Made since the end of the 19th century when Henry Henderson, a salter and food wholesaler, created the product in his grocery store at 35, Broad Lane, there is something decidedly Victorian about the condiment: the building where it is made on Leavygreave Road (less than half-a-mile from its original home) is a survival, an old-fashioned red-brick structure increasingly surrounded by far more modern neighbours, including the ever-expanding Sheffield University; the bottle looks the antithesis of chic, the label a slightly muddy orange; and the idea of a one-bottle-suits-all sauce fitted more straightened times rather better.
Hendo’s as locals sometimes dub it is (and they won’t thank me for the description) something of a poor man’s Worcester Sauce ; for vegetarians it has the advantage that it contains no anchovies, thus is approved by the Vegetarian Society. It has a sweet-and-sour approach with both sugar and saccharin (the latter seemingly a relic of WWII sugar shortages) and plenty of vinegar.
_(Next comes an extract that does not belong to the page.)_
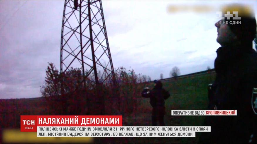 В Кропивницкому копы час уговаривали слезть с электроопоры мужчину, который убегал от демонов

The ingredients include tamarind, garlic, and cayenne pepper, combined of course in a secret blend, and Sheffield water.
Regular unfounded rumours of the impending closure of the company prompt panic buying, but given the annual output of around three-quarters of a million bottles – Sheffield is after all one of the biggest cities in the country - by a small staff from an equally small production facility it is hard to imagine the enterprise as anything but sound.
Seen in chip shops in the city; used in soups and stews by home cooks and posh marinades by chefy Sheffielders in the world outside; lauded by exiled tyke Peter Stringfellow as the necessary accompaniment to a proper cooked breakfast; Henderson’s Relish looks likely to remain a special part of Steel City for some time yet.